*** GIVEN DATA Section Begins ***

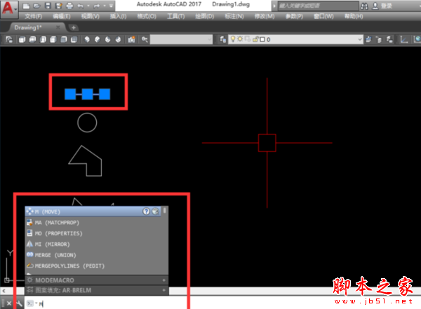 2、首先選中要移動的圖形。然后輸入命令“M”。
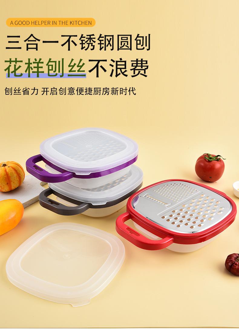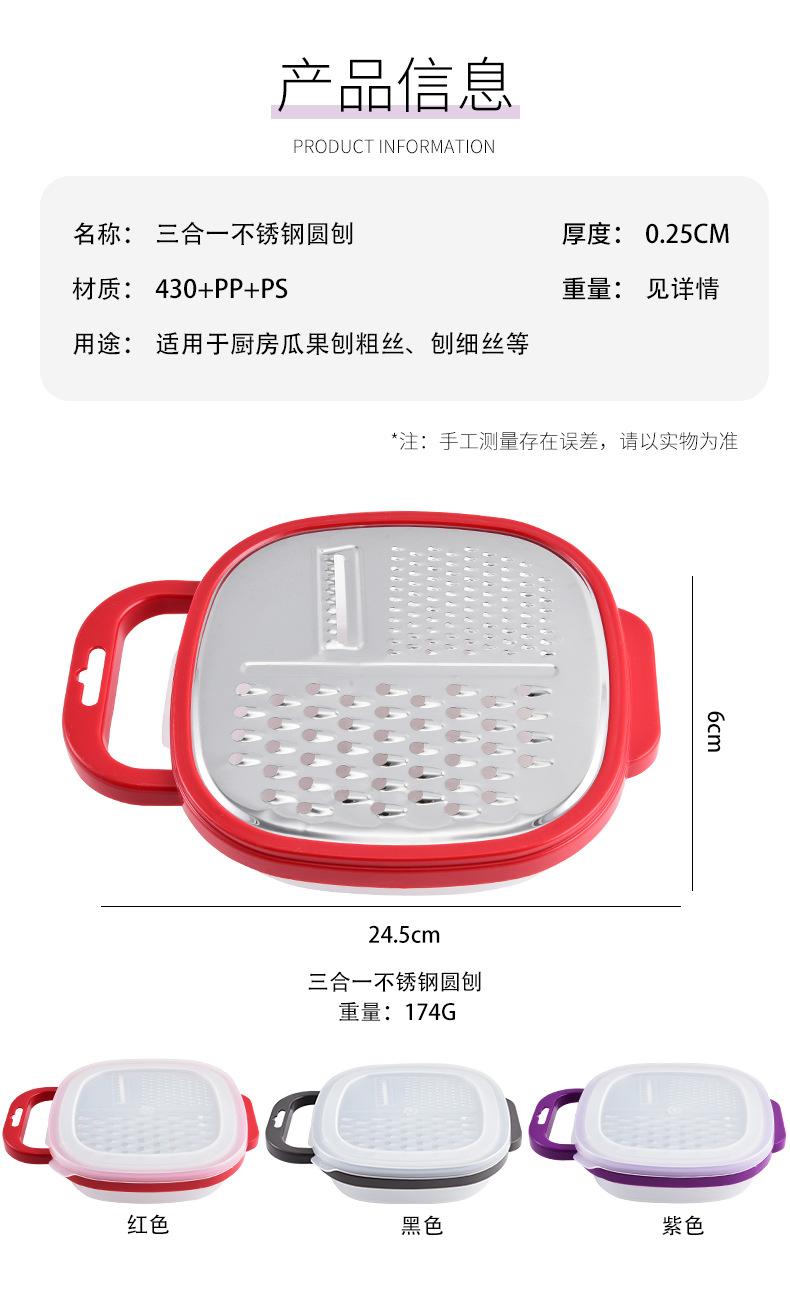 Three-in-one stainless steel round grater [red]], Three-in-one stainless steel round grater [black]], Three-in...
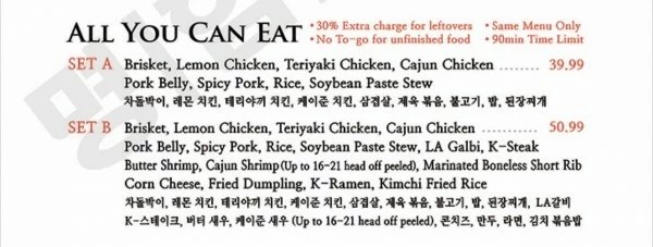 ALL YOU CAN EAT 메뉴 추가 되었습니다

*** GIVEN DATA Section Ends ***

Please provide a faithful transcription of all the data, pictures excluded.

 2、首先選中要移動的圖形。然后輸入命令“M”。
 Three-in-one stainless steel round grater [red]], Three-in-one stainless steel round grater [black]], Three-in...
 ALL YOU CAN EAT 메뉴 추가 되었습니다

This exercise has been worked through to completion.